Wednesday, August 12, 2009

A Nation of Orcs

Reading my way through a collection of the often willfully esoteric poetry of William Blake, I've come across his nearly indecipherable "America: A Prophecy." This whirling mashup of arcane imagery casts America as a place of radiantly demonic energy, and Americans allied with a godlike figure that exists only in the peculiar mythology that Blake created for himself: Orc.

Orc, in Blake's mythology, is not really kin to the semi-human beings of Tolkien. Orc is the demon of radically unfettered passion and creativity, the mortal enemy of Urizen, the demon of order and reason. For Blake, America is a land of creative energy, fierce and wild and warlike:
The plagues creep on the burning winds driven by flames of Orc,
And by the fierce Americans rushing together in the night.
This, at least in Blake's often self-absorbed poetics, is a good thing. But for all of Blake's joy in the expression of the self, I think we as a nation seem to be trending more towards Tolkien's vision of Orcdom lately.
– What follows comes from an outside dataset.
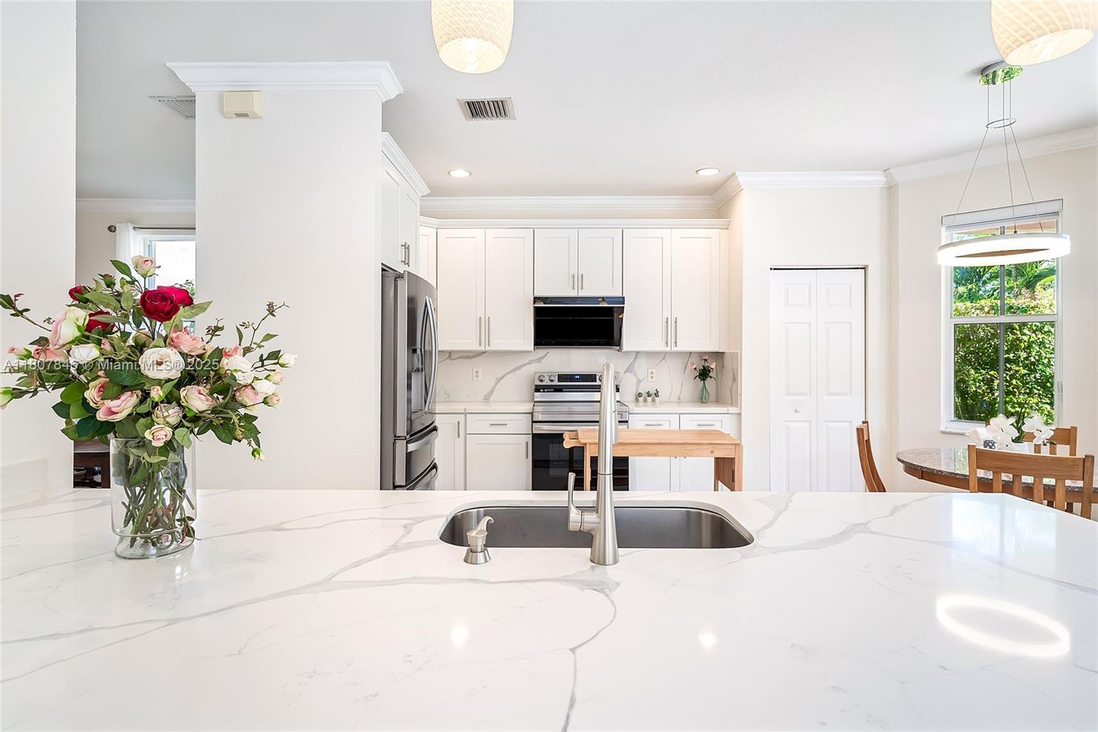 Impeccably maintained 5-bedroom, 4-bathroom residence located in the prestigious gated community of Savanna. This thoughtfully designed home features one of the community's most desirable layouts, offering expansive living spaces filled with natural light. The fully upgraded kitchen is appointed with quartz countertops, a generous center island, and stainless steel appliances. All bathrooms have been tastefully renovated with premium finishes. Recent upgrades include two newer A/C units (installed in 2024 and 2025). Positioned within a resort-style community offering a clubhouse, pools, sports courts, and more, and zoned for Weston's top-rated A-rated schools, this residence presents an exceptional opportunity at a highly competitive price point. First open house: 12--2 PM on 5/24.
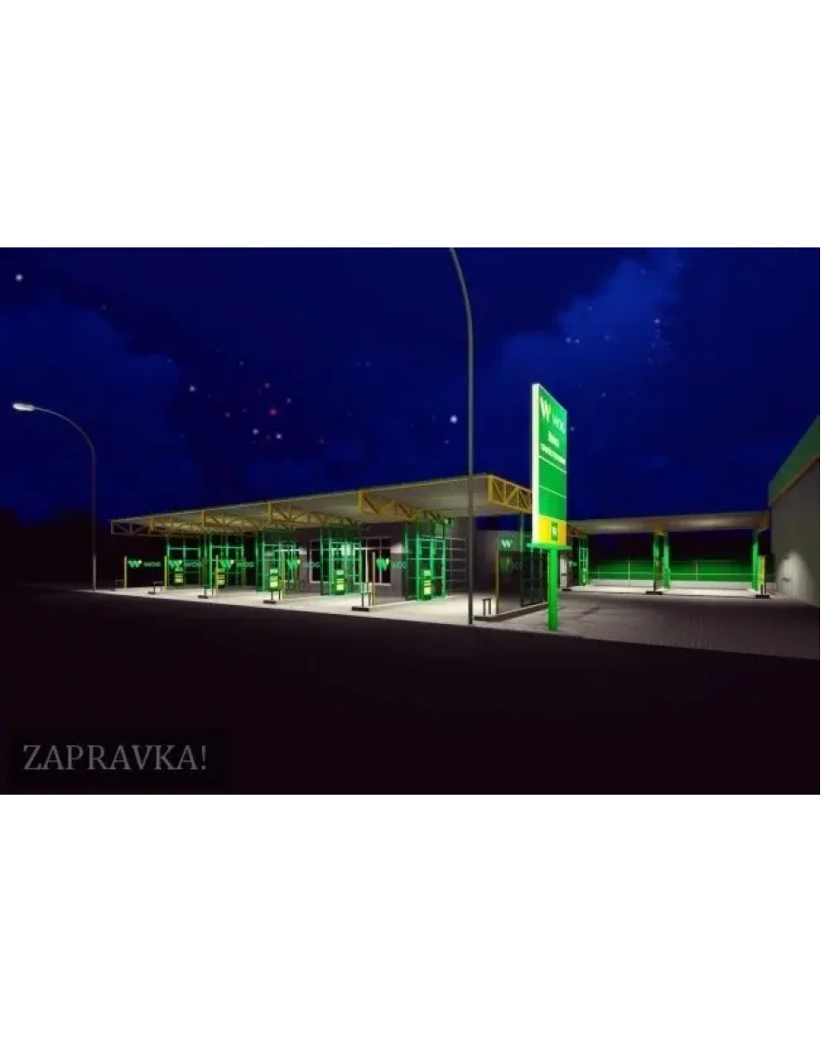 Модель 3D автомобильной заправочной станции с реалистичностью к настоящим условиям.

The idea that somehow shouting and bellowing at one another represents civic dialog seems quite in line with the ethics of Mordor. Whoever shouts loudest must be right. Truth? Civility? Kindness? Mutual respect? To heck with those things. Better to howl with glazed eyes, to berate, to belittle, and to insult.

We also love, love, love our violence. Things that are bigger and louder and more garish are inherently better, and the more impressively hyperkinetic and/or bloodspattered something is, the more we like it. How else to explain the success of our endlessly violent and brutal films? An audience made up entirely of Orcs would find our violence utterly entertaining.

Perhaps Blake knew more about where we were headed than he let on.